▶ _TASK INPUT_
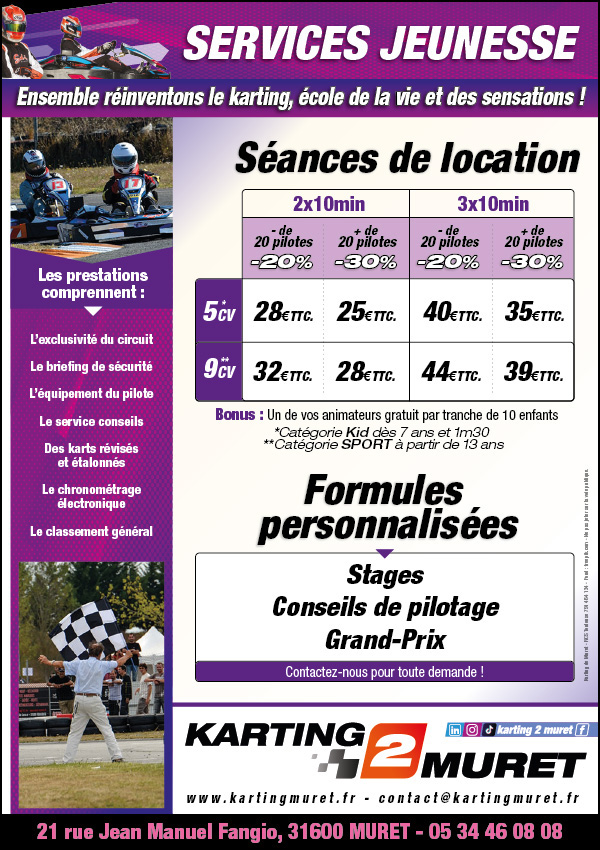 Dans le cadre de vos activités de collectivités, le club Karting 2 Muret vous accueille sur ses pistes en plein air pour des sessions de kart :
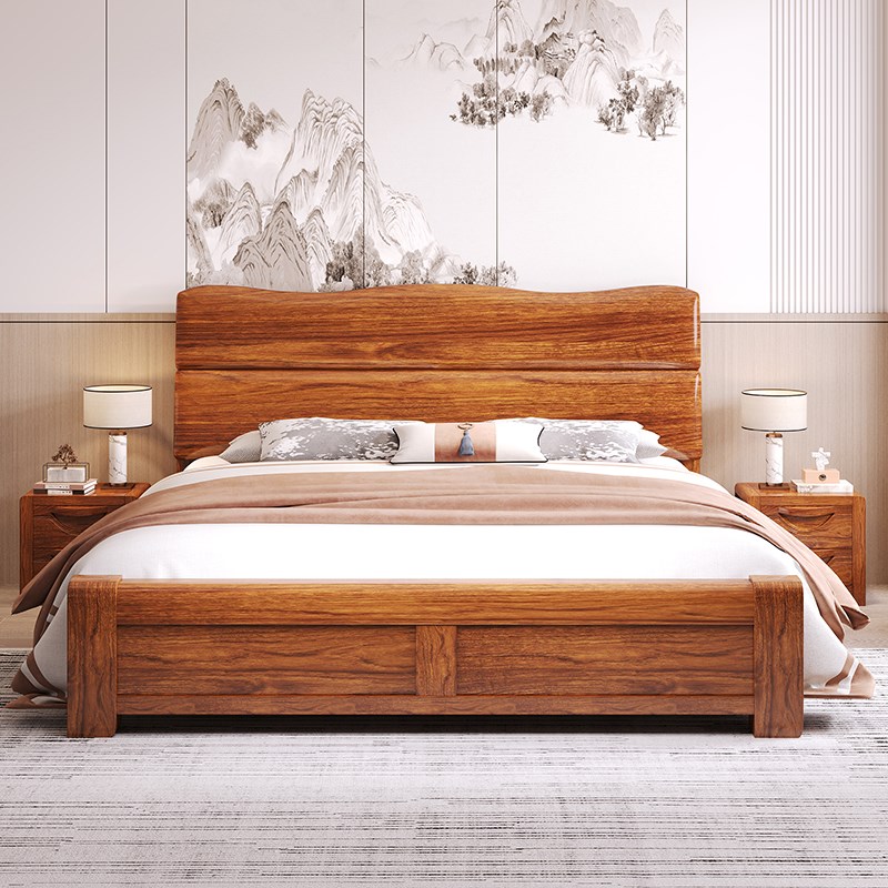 乌金木1.5米中式现代简约双人1.8米储物主卧高箱婚床气压全实木床
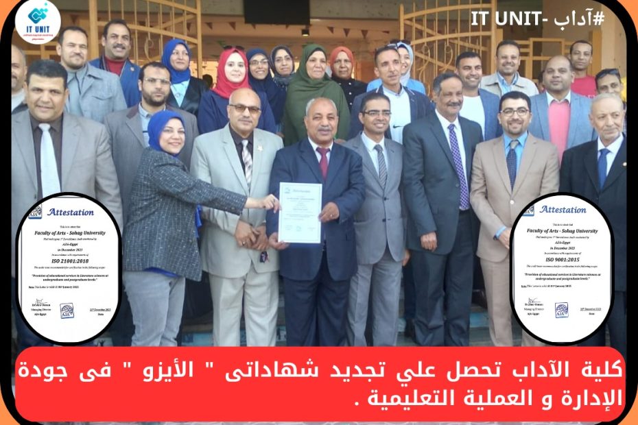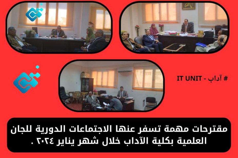 خلال اجتماعه الدوري : مجلس كلية الآداب يطالب بتعظيم دور الأقسام … والبدء في وضع تصور لمؤتمر دولي . عقد مجلس كلية الآداب اجتماعه الدوري عن شهر يناير 2024 ، برئاسة الدكتور محمد توفيق عميد الكلية ، وبحضور الدكتور محمود مراد وكيل الكلية لشؤون التعليم والطلاب ، والدكتور… اقرأ المزيد »خلال اجتماعه الدوري : مجلس كلية الآداب يطالب بتعظيم دور الأقسام … والبدء في وضع تصور لمؤتمر دولي .
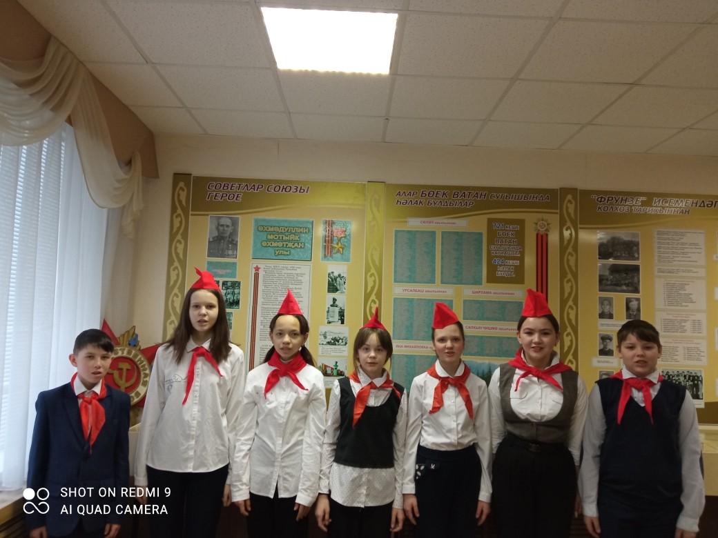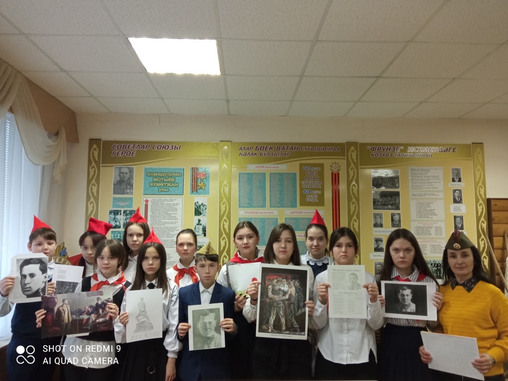 Батырлык сәгатенең икенче өлешендә авылдашыбыз Советлар Союзы Герое Мотыйк Әхмадуллинга һәм Бөек Ватан сугышында катнашкан авылдашларыбызга багышланган стендтагы материаллар белән таныштылар, белгәннәрен яңарттылыр.
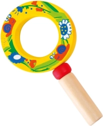 Dette kvalitetsforstørrelsesglas til børn kombinerer et solidt træhåndtag og et let plastlinseelement, så det er sikkert og behageligt for små hænder. Glade illustrationer af insekter og blomster motiverer børn til at opdage detaljerne i verden omkring dem – fra blomster til små kryb.
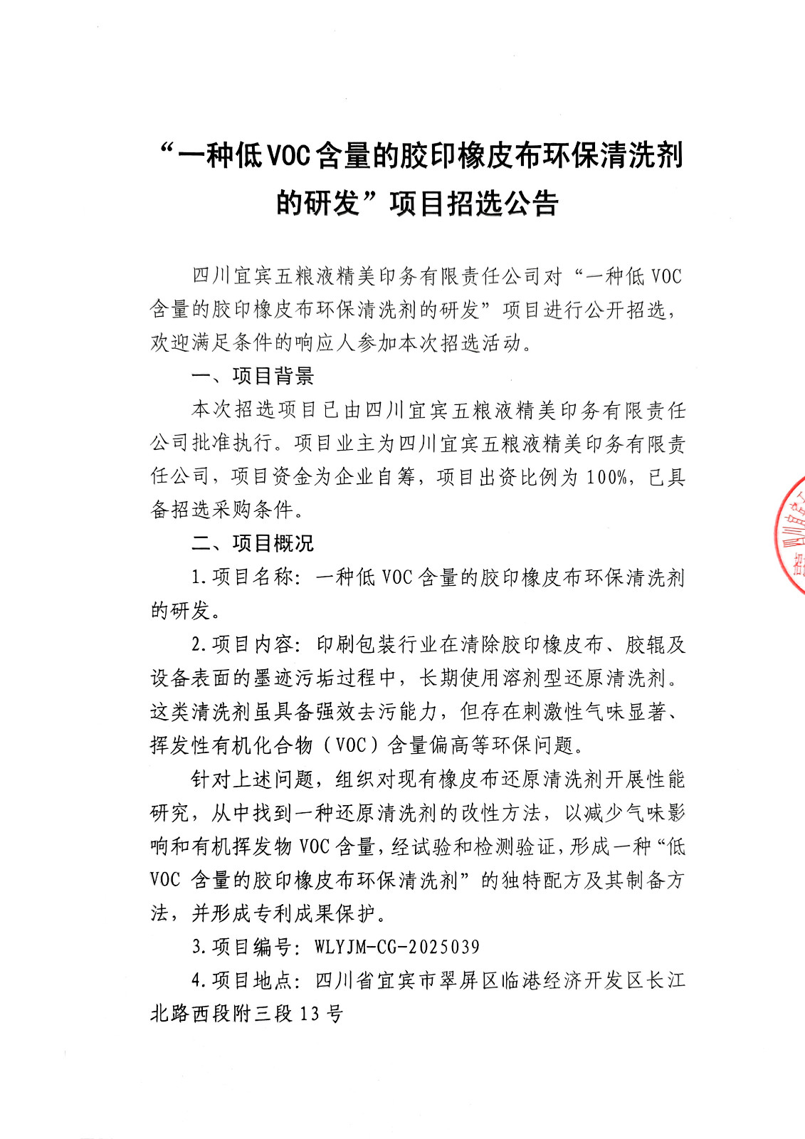 一种低VOC含量的胶印橡皮布环保清洗剂的研发招选公告
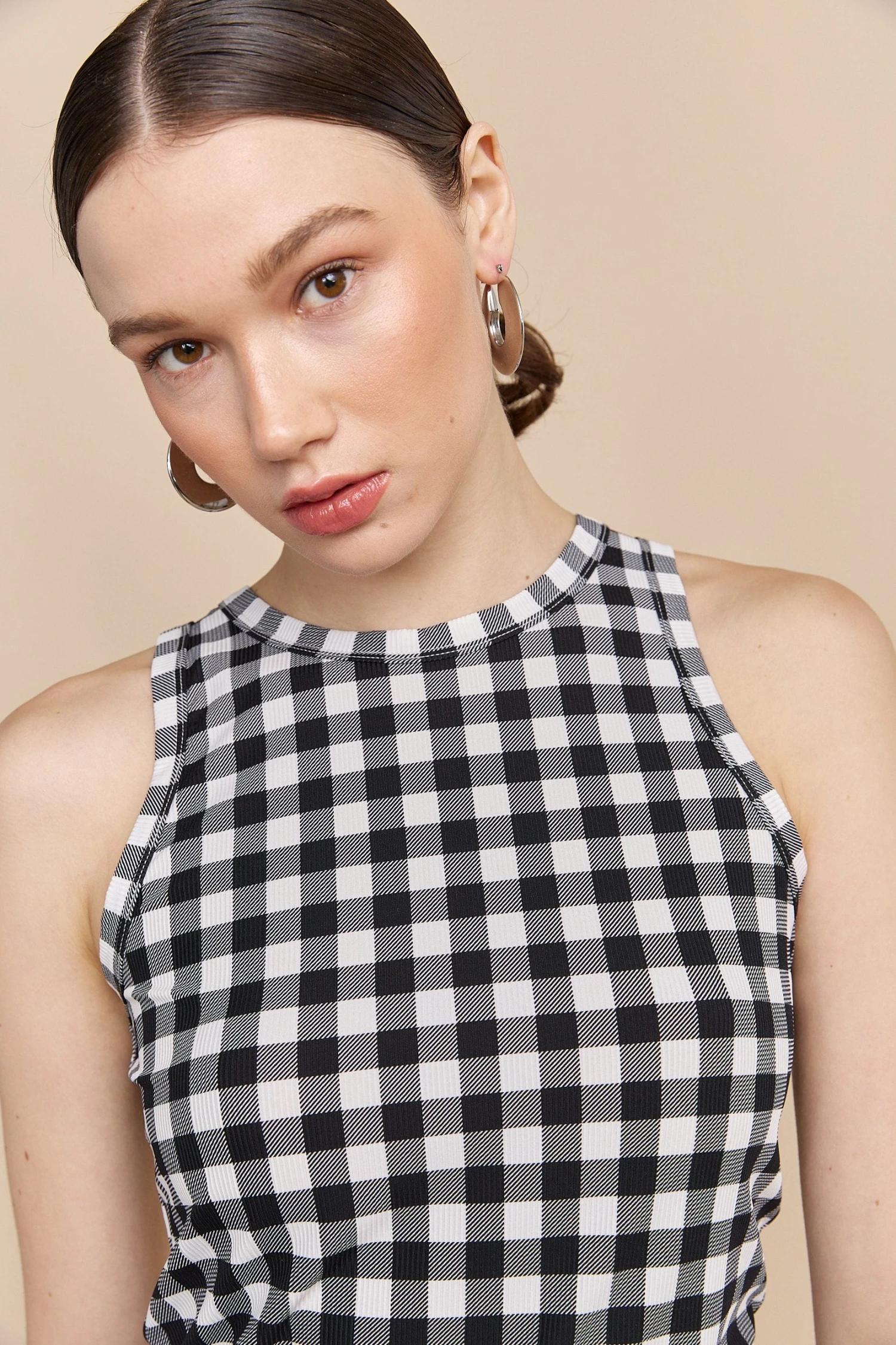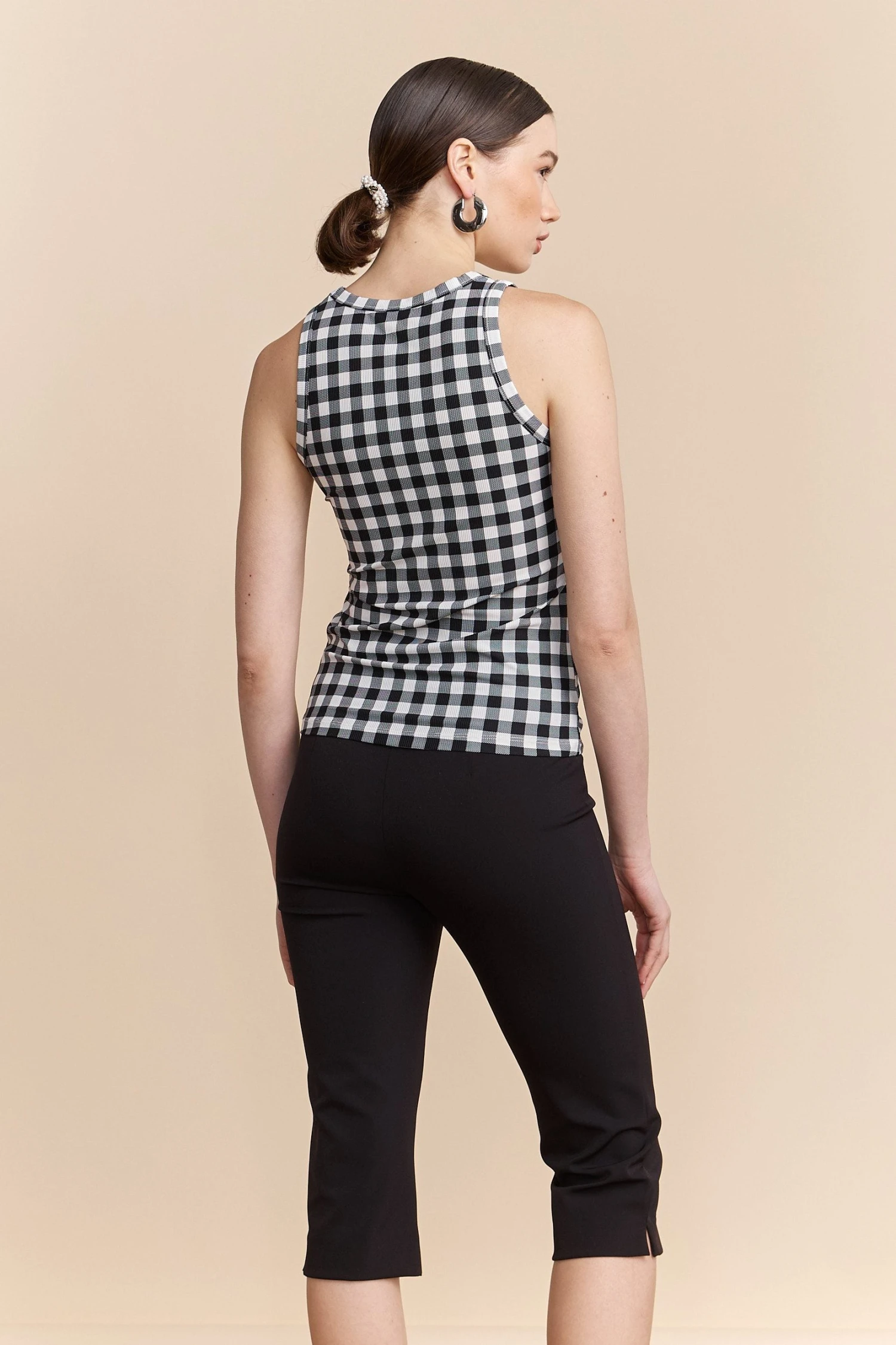 Classic charm meets modern style with this gingham check sleeveless top! Perfect for the fashion-forward trendsetter, its snug fit and breathable fabric can be dressed up or down. Team it with tailored capris for a sleek office look, or with jeans for a weekend brunch.
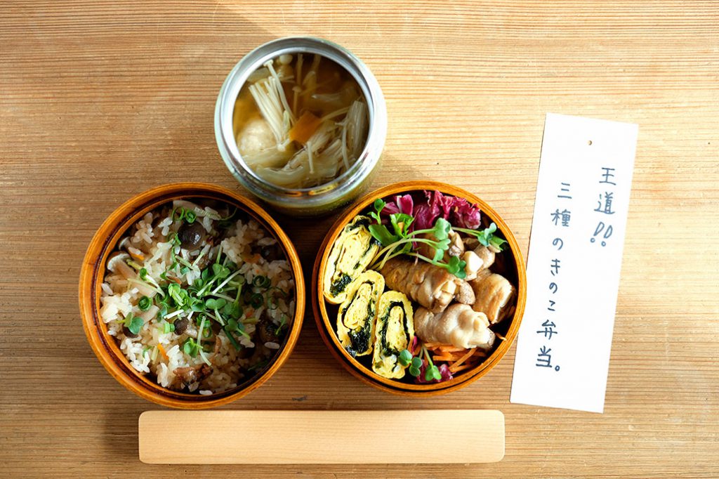 ちなみにお弁当のタイトル「キノコ きのこ キノコ」。
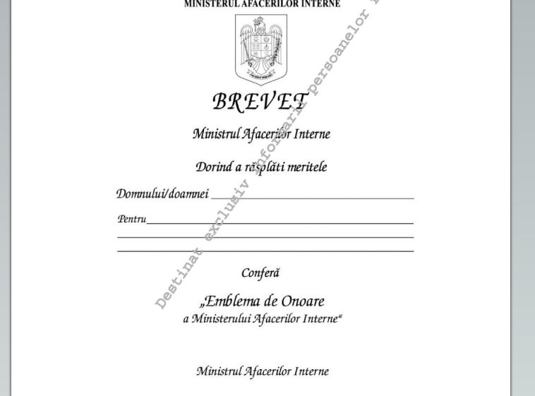 Distincţii onorifice noi în Ministerul Afacerilor Interne. Au fost instituite prin ordin al ministrului Carmen
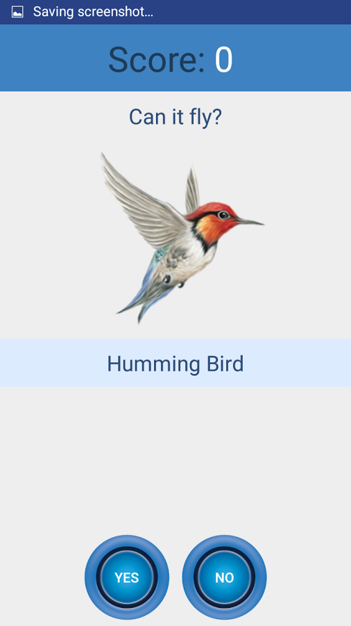 In the game screen, you can see an animal picture and the name of that animal. You can also see two button (YES and NO) at the bottom. At this time you have to identify the animal can fly or not. Touch the YES NO button to increase your points within a limited time based on selected game mode. Challenge yourself and see how much you can identify the animal can fly or not.
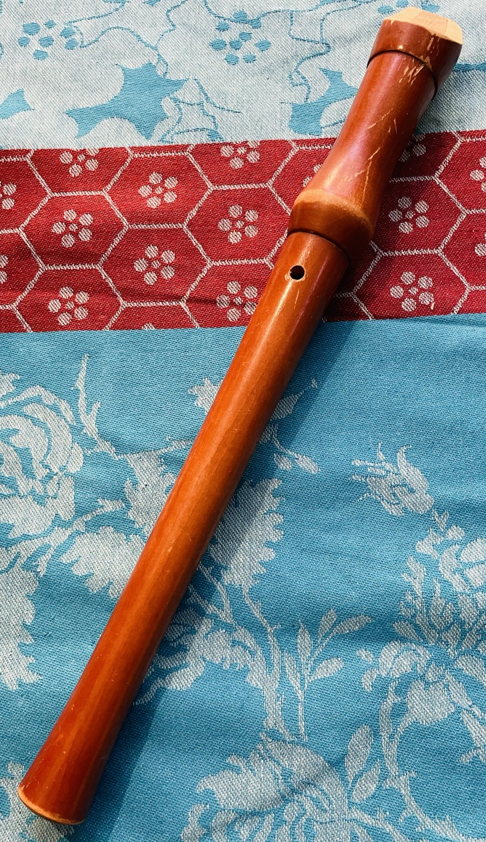 dans un état correct, des traces et rayures sur le vernis de la flûte en poirier, belle sonorité malgré tout
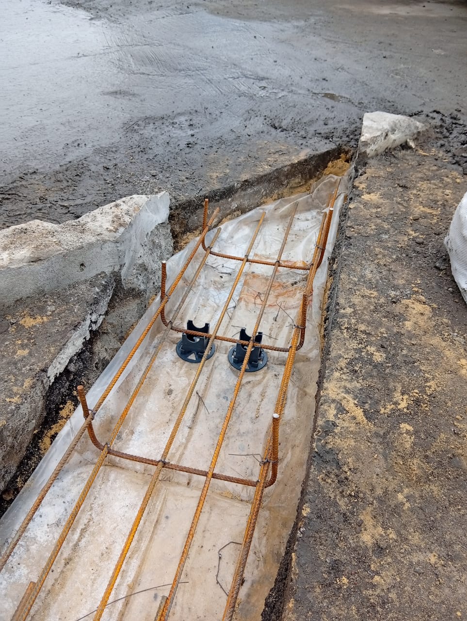 Выполняем работы по монтажу отвода ливневых вод с площадки накполения ТБО.
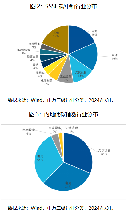 【要点:SSSE碳中和行业分布均衡,内地低碳和中证新能行业分布都较集中】
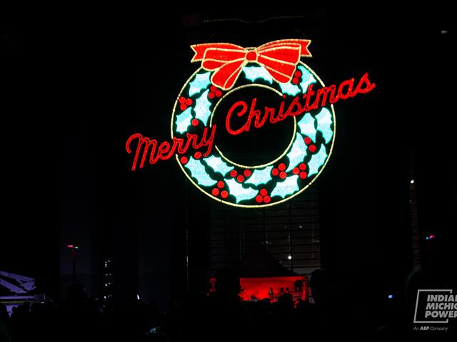 Night of Lights – The historic Merry Christmas wreath is ushering in the holiday spirit outside I&M’s headquarters in downtown Fort Wayne. The wreath was lit during the traditional Night of Lights event. It made its first appearance in 1937 and has more than 8,000 LED lights.
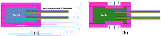 Schematic of the adopted joint architecture: (a) assembled in situ reacted MgB2 wires inside a capsule filled with pre-compressed Mg+2B mixture of the same composition used for the manufacture of the wires []; (b) junction from Figure 1a after 0.5 GPa uniaxial compression in the joining area and sintering at 900 °C for 30 min, followed by cooling, as described in the text.

▶ _TASK OBJECTIVE_
Leave the pictures out and copy the rest of the data exactly.

▶ _ANSWER_
 Dans le cadre de vos activités de collectivités, le club Karting 2 Muret vous accueille sur ses pistes en plein air pour des sessions de kart :
 乌金木1.5米中式现代简约双人1.8米储物主卧高箱婚床气压全实木床
 خلال اجتماعه الدوري : مجلس كلية الآداب يطالب بتعظيم دور الأقسام … والبدء في وضع تصور لمؤتمر دولي . عقد مجلس كلية الآداب اجتماعه الدوري عن شهر يناير 2024 ، برئاسة الدكتور محمد توفيق عميد الكلية ، وبحضور الدكتور محمود مراد وكيل الكلية لشؤون التعليم والطلاب ، والدكتور… اقرأ المزيد »خلال اجتماعه الدوري : مجلس كلية الآداب يطالب بتعظيم دور الأقسام … والبدء في وضع تصور لمؤتمر دولي .
 Батырлык сәгатенең икенче өлешендә авылдашыбыз Советлар Союзы Герое Мотыйк Әхмадуллинга һәм Бөек Ватан сугышында катнашкан авылдашларыбызга багышланган стендтагы материаллар белән таныштылар, белгәннәрен яңарттылыр.
 Dette kvalitetsforstørrelsesglas til børn kombinerer et solidt træhåndtag og et let plastlinseelement, så det er sikkert og behageligt for små hænder. Glade illustrationer af insekter og blomster motiverer børn til at opdage detaljerne i verden omkring dem – fra blomster til små kryb.
 一种低VOC含量的胶印橡皮布环保清洗剂的研发招选公告
 Classic charm meets modern style with this gingham check sleeveless top! Perfect for the fashion-forward trendsetter, its snug fit and breathable fabric can be dressed up or down. Team it with tailored capris for a sleek office look, or with jeans for a weekend brunch.
 ちなみにお弁当のタイトル「キノコ きのこ キノコ」。
 Distincţii onorifice noi în Ministerul Afacerilor Interne. Au fost instituite prin ordin al ministrului Carmen
 In the game screen, you can see an animal picture and the name of that animal. You can also see two button (YES and NO) at the bottom. At this time you have to identify the animal can fly or not. Touch the YES NO button to increase your points within a limited time based on selected game mode. Challenge yourself and see how much you can identify the animal can fly or not.
 dans un état correct, des traces et rayures sur le vernis de la flûte en poirier, belle sonorité malgré tout
 Выполняем работы по монтажу отвода ливневых вод с площадки накполения ТБО.
 【要点:SSSE碳中和行业分布均衡,内地低碳和中证新能行业分布都较集中】
 Night of Lights – The historic Merry Christmas wreath is ushering in the holiday spirit outside I&M’s headquarters in downtown Fort Wayne. The wreath was lit during the traditional Night of Lights event. It made its first appearance in 1937 and has more than 8,000 LED lights.
 Schematic of the adopted joint architecture: (a) assembled in situ reacted MgB2 wires inside a capsule filled with pre-compressed Mg+2B mixture of the same composition used for the manufacture of the wires []; (b) junction from Figure 1a after 0.5 GPa uniaxial compression in the joining area and sintering at 900 °C for 30 min, followed by cooling, as described in the text.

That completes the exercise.